VI.            Transfer of Personal Data

In the transfer of personal data by email, PICs and PIPs must adequately secure the transmission and reception of email messages, such as using systems that scan outgoing emails and attachments for keywords that would indicate the presence of personal data and, if applicable, prevent its transmission.[16] There must also be security controls to prevent personnel from printing or copying personal data. The use of removable or portable storage media, such as compact discs and flash drives, must be regulated, if not avoidable. On the other hand, facsimile technology cannot be used to transmit documents containing personal data.[17]

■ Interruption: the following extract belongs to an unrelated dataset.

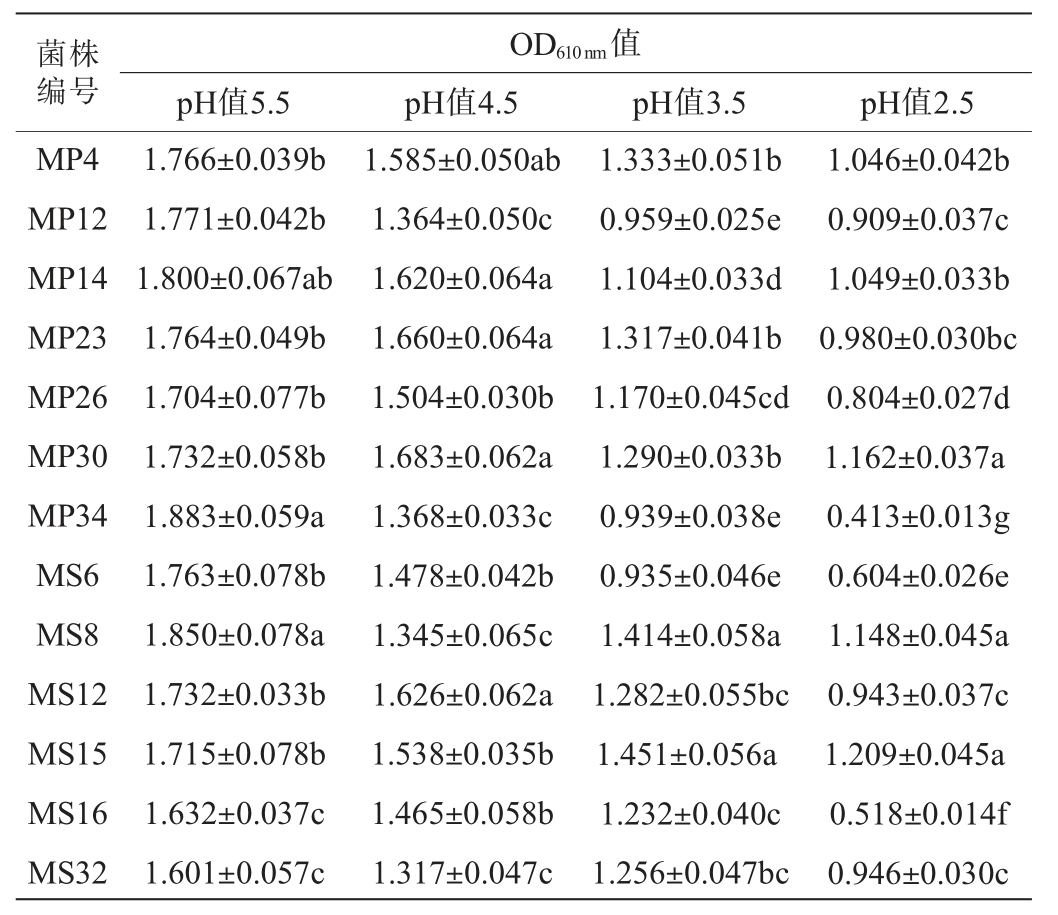 菌株编号MP4 MP12 MP14 MP23 MP26 MP30 MP34 MS6 MS8 MS12 MS15 MS16 MS32 OD610 nm值pH值5.5 pH值4.5 pH值3.5 pH值2.5 1.766±0.039b 1.771±0.042b 1.800±0.067ab 1.764±0.049b 1.704±0.077b 1.732±0.058b 1.883±0.059a 1.763±0.078b 1.850±0.078a 1.732±0.033b 1.715±0.078b 1.632±0.037c 1.601±0.057c 1.585±0.050ab 1.364±0.050c 1.620±0.064a 1.660±0.064a 1.504±0.030b 1.683±0.062a 1.368±0.033c 1.478±0.042b 1.345±0.065c 1.626±0.062a 1.538±0.035b 1.465±0.058b 1.317±0.047c 1.333±0.051b 0.959±0.025e 1.104±0.033d 1.317±0.041b 1.170±0.045cd 1.290±0.033b 0.939±0.038e 0.935±0.046e 1.414±0.058a 1.282±0.055bc 1.451±0.056a 1.232±0.040c 1.256±0.047bc 1.046±0.042b 0.909±0.037c 1.049±0.033b 0.980±0.030bc 0.804±0.027d 1.162±0.037a 0.413±0.013g 0.604±0.026e 1.148±0.045a 0.943±0.037c 1.209±0.045a 0.518±0.014f 0.946±0.030c

VII.          Disposal of Personal Data

In establishing disposal and destruction policies, the following information shall be considered: retention period, de-identification, anonymization, or deletion techniques, and required documentation before deletion, de-identification, or anonymization.[18] PICs and PIPs shall retain logs for as long as necessary and must have the capacity to record information about authentication attempts which shall be retained for longer periods than general system logs.[19] Disposal and destruction must render further processing impossible and shall include rules on electronically disposing personal data through the use of degaussers, erasers, encryption, or secure wiping programs, physically disposing storage media, and disposing paper documents through the use of shredders.[20]

Remarks

The proper implementation of NPC Circular 2023-06 can greatly increase data security of data subjects. The importance of strengthening protective mechanisms for personal data cannot be overstated amidst all the reported data breaches and leaks involving even the Philippine government.[21] The recent circular provides comprehensive, concrete, and actionable guidelines enabling PICs and PIPs to enhance protection for the personal data of their data subjects. PIPs and PICs must endeavor to meet the standards set by the circular, and the NPC must be well equipped to properly evaluate and monitor these organizations in an effective manner.

[1] National Privacy Commission (NPC) Circular No. 2023-05 (2023). Prerequisites for the Philippine Privacy Mark Certification Program.

[2] § 3.

[3] § 3.

[4] § 4.

[5] § 5.

[6] National Privacy Commission (NPC) Circular No. 2023-06 (2023). Security of Personal Data in the Government and the Private Sector.

[7] § 4.

[8] § 7.

[9] § 7.

[10] § 9.

[11] § 11.

[12] § 13.

[13] § 16.

[14] § 18.

[15] § 22.

[16] § 23.

[17] § 26.

[18] § 28.

[19] § 29.

[20] § 30.

[21] Tyrone Jasper C. Piad, DICT gains partial access to DOST’s compromised system, PHIL. DAILY INQUIRER, April 4, 2024.

Disclaimer: The views and opinions expressed in this article are those of the authors and do not necessarily reflect the views and opinions of the Firm or any of its partners. This article shall not be construed as official legal advice from the Firm.